For a more detailed discussion of the DMD device and uses, cross reference is made to U.S. Pat. No. 5,061,049 to Hornbeck, entitled "Spatial Light Modulator and Method"; U.S. Pat. No. 5,079,544 to DeMond, et al, entitled "Standard Independent Digitized Video System"; and U.S. Pat. No. 5,105,369 to Nelson, entitled "Printing System Exposure Module Alignment Method and Apparatus of Manufacture", each patent being assigned to the same assignee of the present invention and the teachings of each are incorporated herein by reference. Gray scale of the pixels forming the image is achieved by pulse-width modulation techniques of the mirrors, such as that described in U.S. Pat. No. 5,278,652, entitled "DMD Architecture and Timing for Use in a Pulse-Width Modulated Display System", assigned to the same assignee of the present invention, and the teachings of which are incorporated herein by reference.
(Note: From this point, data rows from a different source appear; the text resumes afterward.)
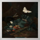 Pintura a óleo de Vintage de Forest Floor Still Life por Karl Wilhelm De Hamilton, 1735. Ilustrando a relação entre borboleta e cobra: Prey Vs. Predator. A borboleta é um exemplo clássico de presa, pequena, frágil e sem defesas naturais contra predadores. O cobra, por outro lado, é um predador com a capacidade de se mover rapidamente e atacar com extrema precisão. Uma imagem tão poderosa que fala sobre a beleza e a complexidade do mundo natural.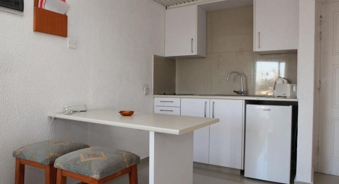 Останавливались в этом отеле несколько лет назад. Тогда мне там очень понравилось. У нас была студия состоящая из двух комнат. Одна была спальня, вторая кухня-столовая. Но там стоял диван и телевизор, а вся кухонная утварь пряталась за барной стойкой. Все номера отеля выходят на бассейн, по противоположной стороне идут такие галереи-балконы по которым вы попадаете в свои номера. Владельцы отеля – большая дружная семья. Вечерами в ресторанчике устраиваются всевозможное развлекательные программы. И еще там можно покупать свежевыжатый сок, вкусный просто не описать, особенно морковный. Соки отжимают в ресторане отеля и потом развозят по пляжу, пейте это вкусно и полезно. По поводу кухни ничего сказать не могу, мы завтракали в номере покупая молочные продукты, фрукты, овощи сыр и колбасу. Кофе и сахар захватили из Москвы. Когда мы останавливались в этом отеле, там отдыхали в основном англичане, очень милые и приветливые люди.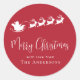 Un autocollant rouge saisonnier amusant pour vos cartes de fin de année de Noël et la correspondance avec une silhouette blanche de rennes volant Père Noël traîne à travers l'air, "Joyeux Noël" dans un script blanc élégant et votre nom dans une simple typographie blanche moderne.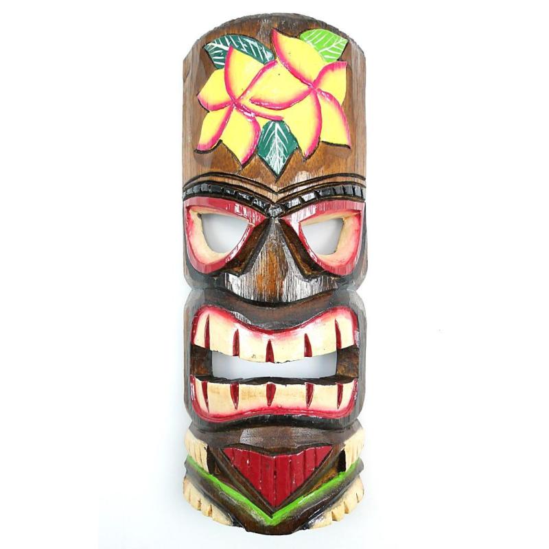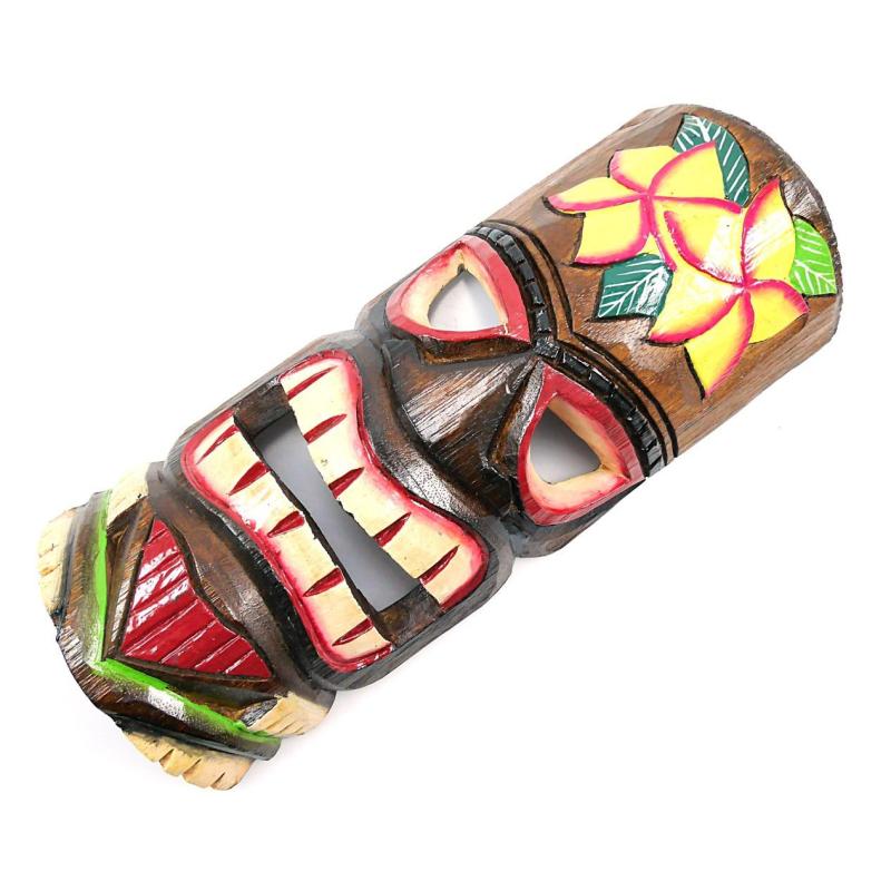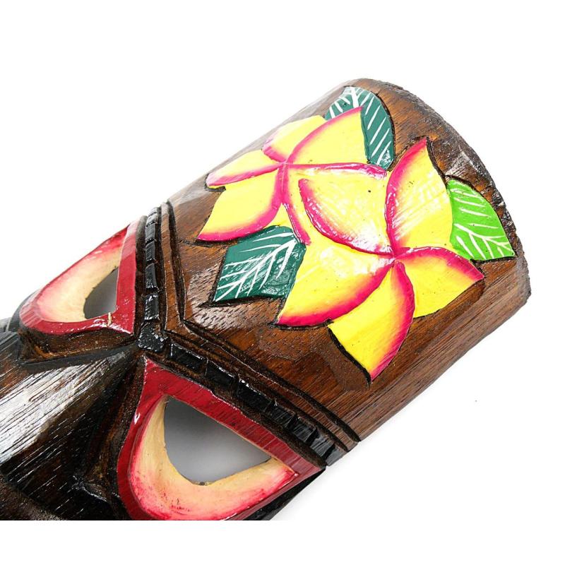 Masque Tiki 30cm en bois motif Fleur. Décoration Tahiti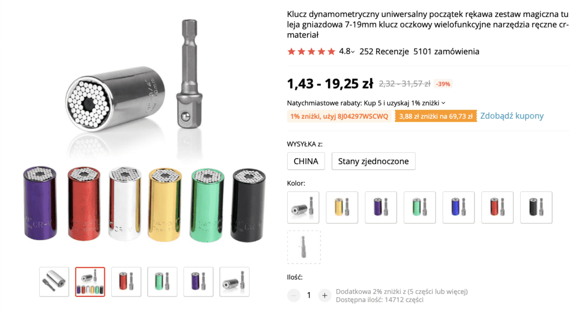 Co jakiś czas w Internecie możemy zobaczyć reklamy takich gadżetów, zwłaszcza gdy przeglądamy Facebooka i Instagrama. Jednym z takich rzeczy jest klucz uniwersalny, który dopasowuje się do odkręcanej śruby. Możemy go zakupić na AliExpress.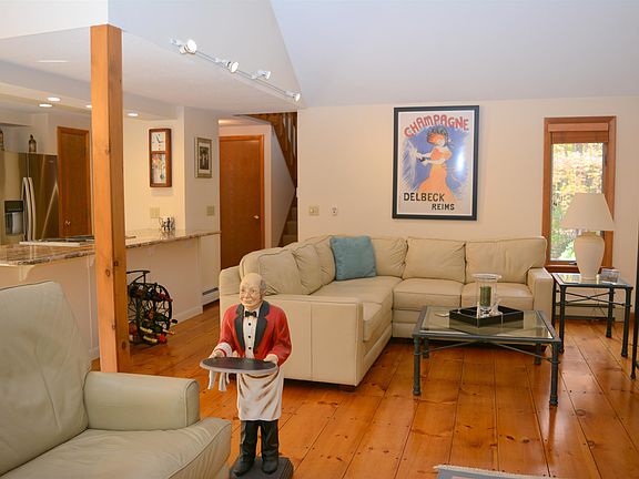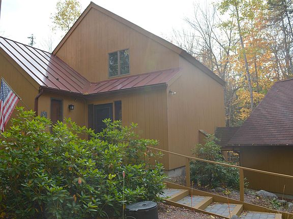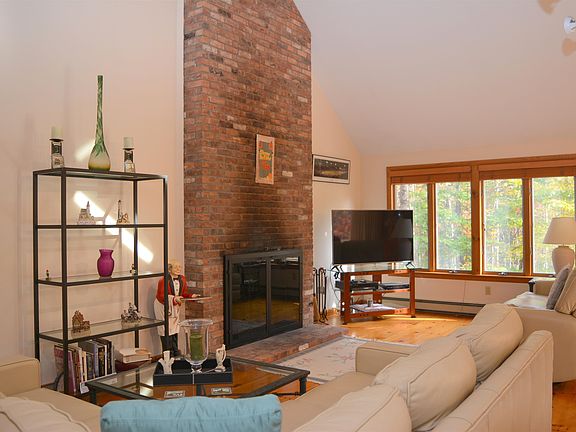 Conveniently located near the West Cove of Eastman Lake. Come escape to this private wooded setting and relax on the large deck with bright and sunny exposure. This 3-bedroom, 2-bath, contemporary home features a desirable Parkhurst Floor Plan. The great room with beautiful wood floors and a floor-to-ceiling brick fireplace opens to a large wrap-around deck. Enjoy the delightful features of the newer kitchen with granite countertops, breakfast bar and stainless steel appliances. Primary bedroom with its own slider to the deck and laundry room are both situated on the main level. Upper level has 2 more bedrooms, another bathroom and a loft area. Skylights throughout provide lovely natural light. Partially finished lower level walkout with a concrete floor offers endless possibilities for you to customize the space for your needs. Complete with a 2-car garage with entry to lower level and a paved driveway. On community water and sewer. All this is ideally located within walking distance to tennis courts and West Cove beaches. Eastman offers lake activities, golf, cross-country ski trails, snowshoeing, hiking, tennis, an indoor pool and exercise facility and so much more! Easy access to I-89 and the Upper Valley and Dartmouth/Lake Sunapee Region.
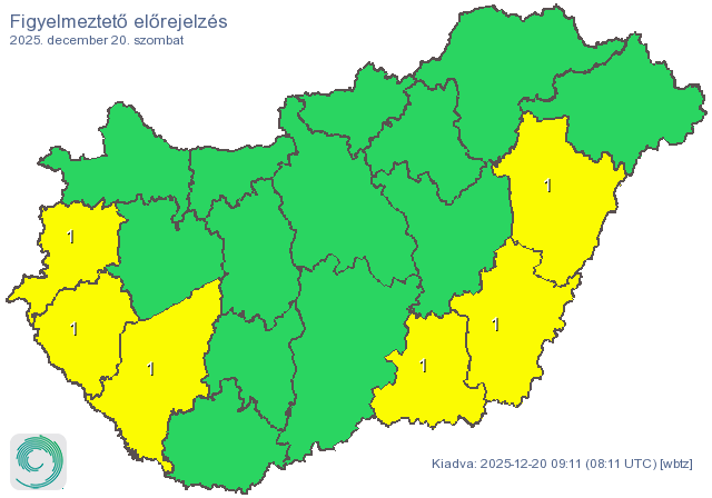 Ma napközben a ködös területeken csak lassan javulnak a látási viszonyok. Estétől újból nagyobb területen sűrűsödhet a köd. Kiterjedt sűrű ködre nagyobb esély a délkeleti, keleti országrészben, illetve Dunántúl egyes részein van. A nyugati határ közelében ónos szitálás kialakulhat.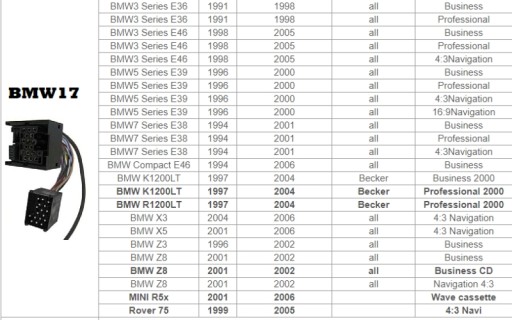BE6507(E39 BMW Business), PH7030(BMWBusiness), PH8030(BMW Business CD), CD53 E39/53(BMW Business CD,Alpine),itd.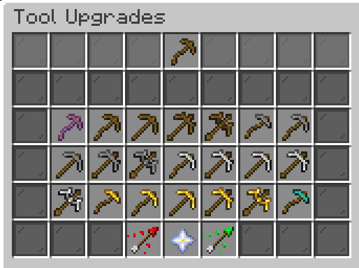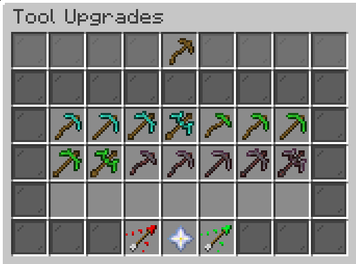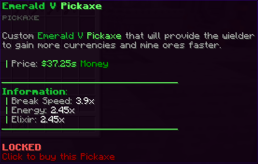 The [Item Frame] button above will take you to a Tool Upgrades menu which will allow you to spend Money for different Pickaxe Upgrades, increasing your Energy, Elixir and Break Block Speed multiplier.

As detailed in commonly assigned U.S. Pat. No. 5,535,047 entitled "Active Yoke Hidden Hinge Digital Micromirror Device", and shown in FIG. 1 of the present application, there is disclosed a digital micromirror device (DMD) spatial light modulator shown at 10. DMD 10 is a single-chip integrated circuit seen to include an array of micromirrors 30 monolithically fabricated over a memory cell array formed upon the substrate. Each pixel mirror 30 is seen to include a square mirror supported upon and elevated above a butterfly shaped yoke generally shown at 32 by a rectangular support post 34. Support post 34 extends downward from the center of the mirror 30, and is attached to the center of the yoke 32 along a torsion axis thereof, as shown, to balance the center of mass of mirror 30 upon yoke 32. Yoke 32 is axially supported along a central axis thereof by a pair of torsion hinges 40. The other end of each torsion hinge 40 is attached to and supported by a hinge support post cap 42 defined on top of a respective hinge support post 44. A pair of elevated mirror address electrodes 50 and 54 are supported by a respective address support post. The address support posts, and the hinge support posts 44, support the address electrodes 50 and 54, the torsion hinges 40, and the yoke 32 away from and above a bias/reset bus 60, and a pair of substrate level address electrode pads 26 and 28. When mirror 30 and yoke 32 are together rotated about the torsion axis of the yoke, defined by the hinges 40, a pair of yoke tips 58 on the side of the yoke 32 that is deflected land upon and engage the bias/reset bus 60 at a landing site 62. For more detailed discussion of this conventional DMD, the teachings of commonly assigned U.S. Pat. No. 5,535,047 are incorporated herein by reference.
Still referring to FIG. 1, it can be seen that the support post 34 extends downward from the reflective modulation surface of the square mirror 30 and defines support post edges at 64. These support post edges 64 conventionally have dimensions of 3.times.4 .mu.m, which edges form a rectangle and are oriented either perpendicular or parallel to the incoming beam of light. Referring to FIG. 2, there is shown the light diffracted back into the projection optics when all mirrors are in the off-state. It can be seen that these support post edges 64 diffract the incident light into the projection system optics when the mirrors 30 are tilted to the off state, the diffraction seen as light dots 66, thus reducing the contrast ratio of the formed display image. Also seen in FIG. 2 is difracted light from the underlying superstructure and address circuitry from between the mirror edges.
There is desired a DMD spatial light modulator forming an image having an improved contrast ratio whereby the defraction of incident light from the support post edges 64 into the projection optics is substantially reduced.